NumPy also provides the function `asarray` that takes a list and returns an array.

In [None]:
d = np.asarray(c)
type(d)

numpy.ndarray

# Documentation - NumPy

But what if you forget how to properly use a function from NumPy? Or maybe you want to look for other functions that might be of use to you? Well, computer programmers have you covered, with **documentation**. Just like with informational user manuals that come with a new car, microwave, cell phone, etc, Python modules come with their own user manuals! A link the to NumPy's documentation manual can be found here [NumPy docs link](https://numpy.org/doc/stable/user/index.html). At this website, you'll find a list of contents leading to different and helpful resources for using NumPy in Python code, such as their [absolute beginner's guide](https://numpy.org/doc/stable/user/absolute_beginners.html). When in doubt, look at the documentation website!

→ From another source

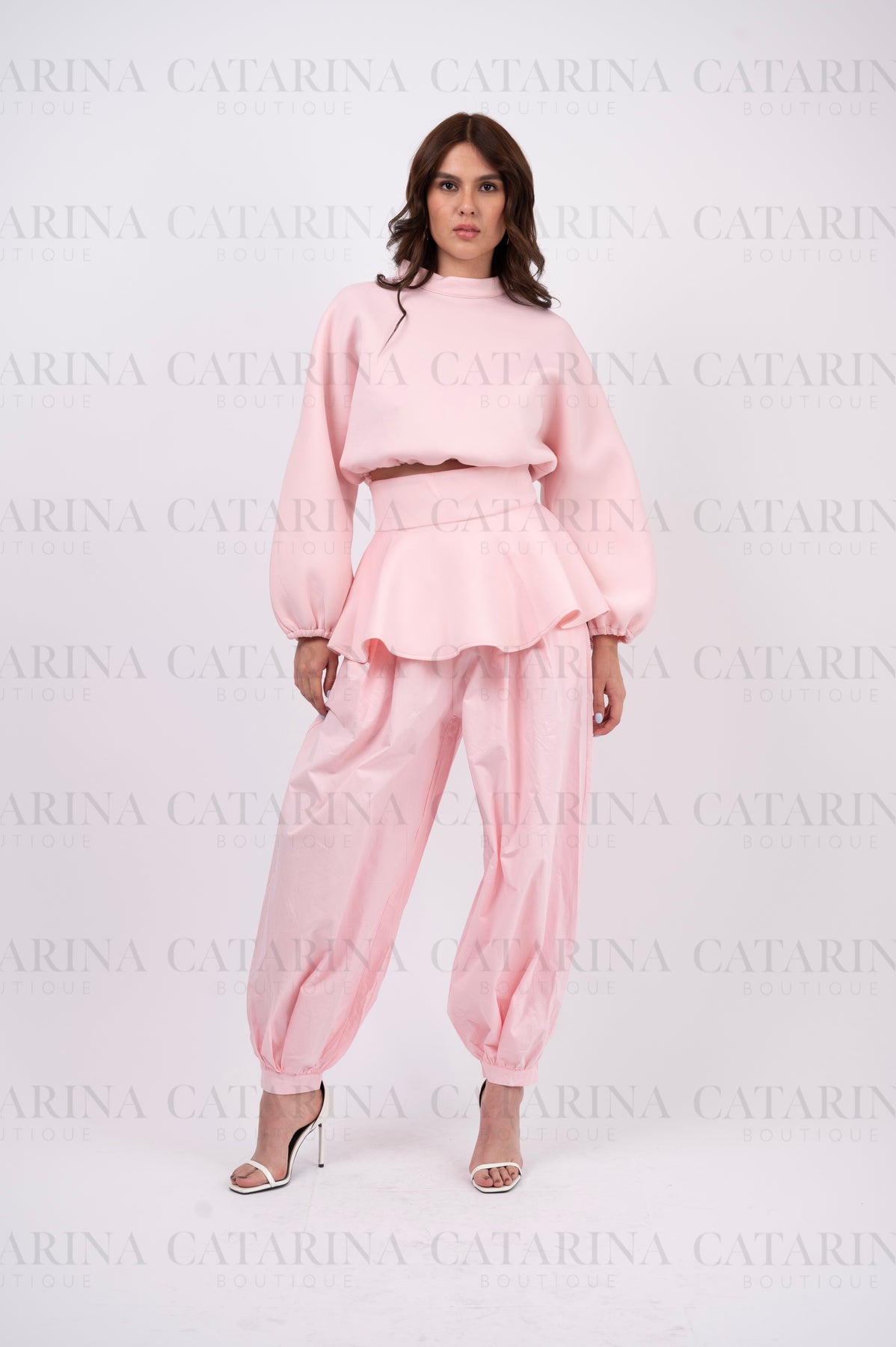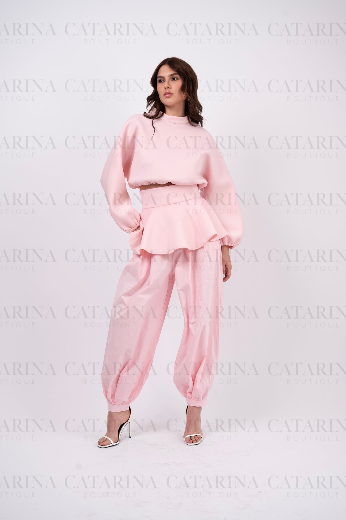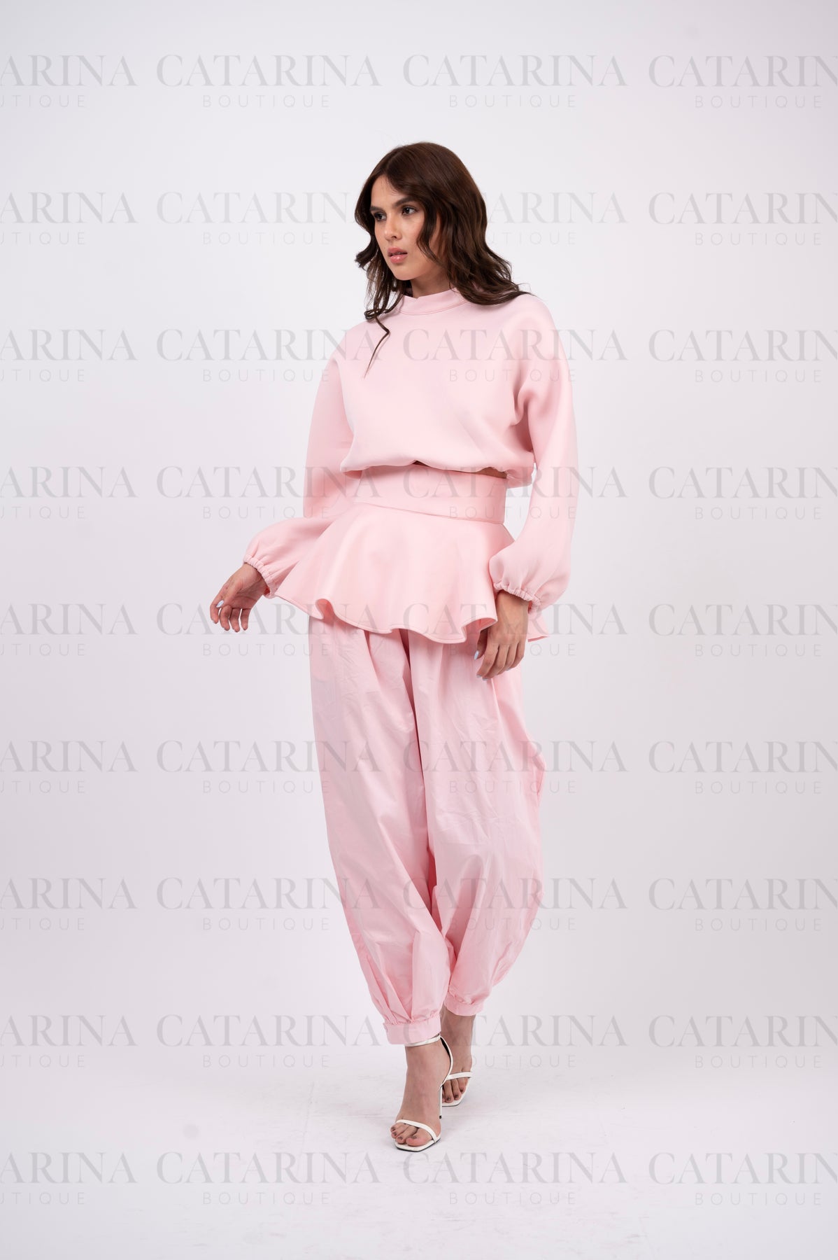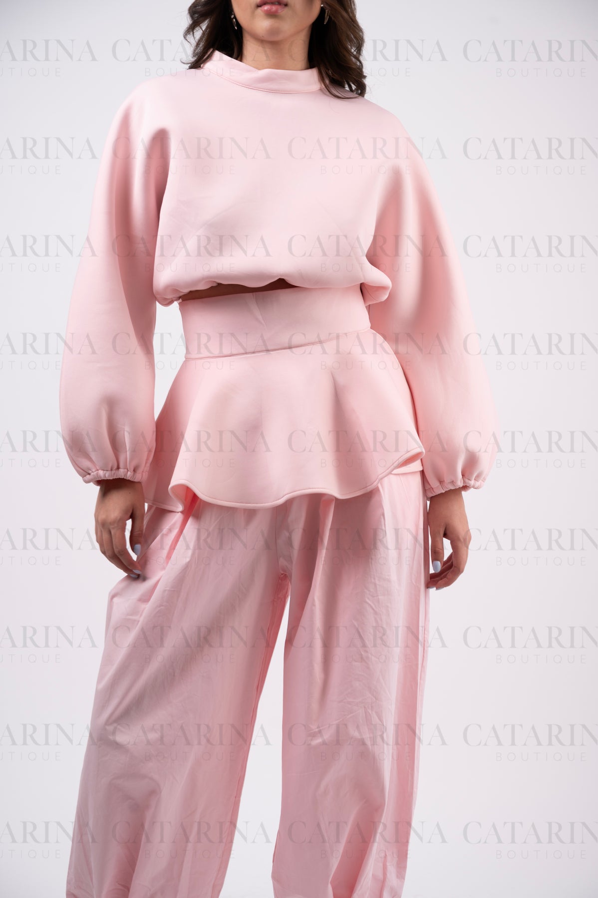 Set de tres piezas. Suéter cuello redondo. Mini-falda con acabado en olan. Pantalón a juego. Bajo acabado recto.

For completeness, the Python `math` module documentation can be found here [math docs](https://docs.python.org/3/library/math.html#) which is a part of the greater [Python documentation website](https://docs.python.org/3/).

A word of caution, larger projects like NumPy are well supported, but some projects are not so fortunate. As a result, smaller Python module projects may not have as good documentation as good documentation takes a lot of time and resources to make! However, there are still ways to find out useful information concerning individual modules and their functions. Often times, Google Search will be your friend, particularly any search results that take you to stackoverflow.com, and a useful resource when stuck on a programming problem.